### Problem description:
Return exactly the lines from the one containing "Clay oval beads" through the end of the material below, and leave the images out.

### Information provided:

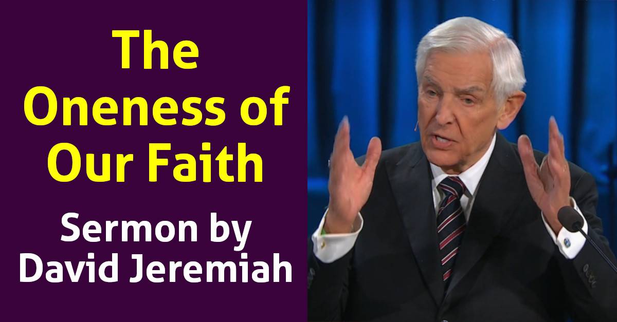 Watch David Jeremiah Sermon: The Oneness of Our Faith. Unity. The apostle Paul pleaded for it. Christ Himself prayed for it. But Christians seem to be further from unity than ever. In this message, Dr. David Jeremiah explores a passage of Scripture that stresses the importance of unity by defining its access points and teaching us how to practice it with others. Covers Ephesians 4:1-6.
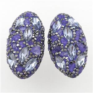 Clay oval beads paved rhinestone with amethyst, approx 20-40mm
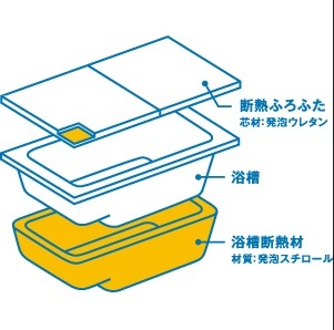 まずは、浴槽が二重構造になり、魔法瓶浴槽となります♪

### Answer space:
 Clay oval beads paved rhinestone with amethyst, approx 20-40mm
 まずは、浴槽が二重構造になり、魔法瓶浴槽となります♪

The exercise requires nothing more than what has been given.